The cellphone have to be linked to the automotive’s Wi-Fi, and communication between the Head Unit and the cellphone is required. The Android companion app will make the most of the HTTP protocol for this objective.
In AAOS 14, the Automobile {Hardware} Abstraction Layer (VHAL) will create an HTTP server to deal with our instructions. This performance is mentioned intimately within the article “Exploring the Structure of Automotive Electronics: Area vs. Zone“.

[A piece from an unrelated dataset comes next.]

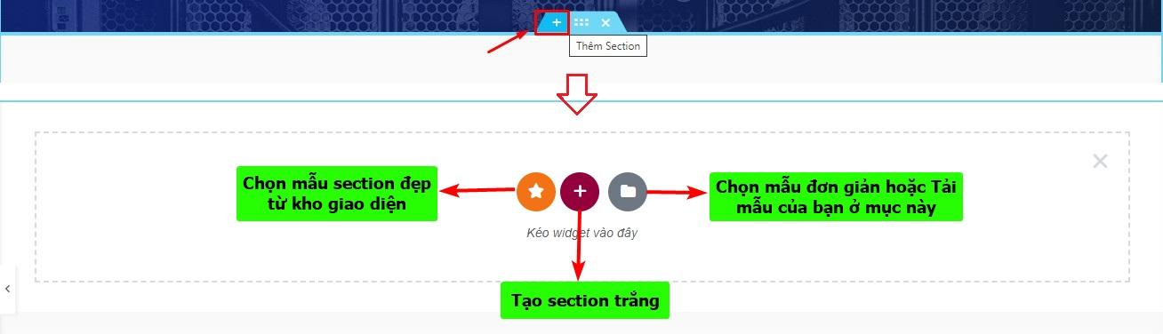 Để bắt đầu tạo mới một Section, bạn nhấn vào vị trí bất kỳ của section, sau đó nhấn dấu + và chọn mẫu section từ Kho giao diện hoặc trang trống tùy vào nhu cầu của bạn

Creating the cellular utility
To develop the cellular utility, we’ll use Android Studio. Begin by choosing File -> New Venture -> Cellphone and Pill -> Empty Exercise from the menu. It will create a primary Android venture construction.
Subsequent, you should create the Android companion app format, as proven within the supplied screenshot.
Under is the XML code for the instance format:
<?xml model="1.0" encoding="utf-8"?>
<!-- Copyright 2013 The Android Open Supply Venture -->
<LinearLayout xmlns:android="http://schemas.android.com/apk/res/android"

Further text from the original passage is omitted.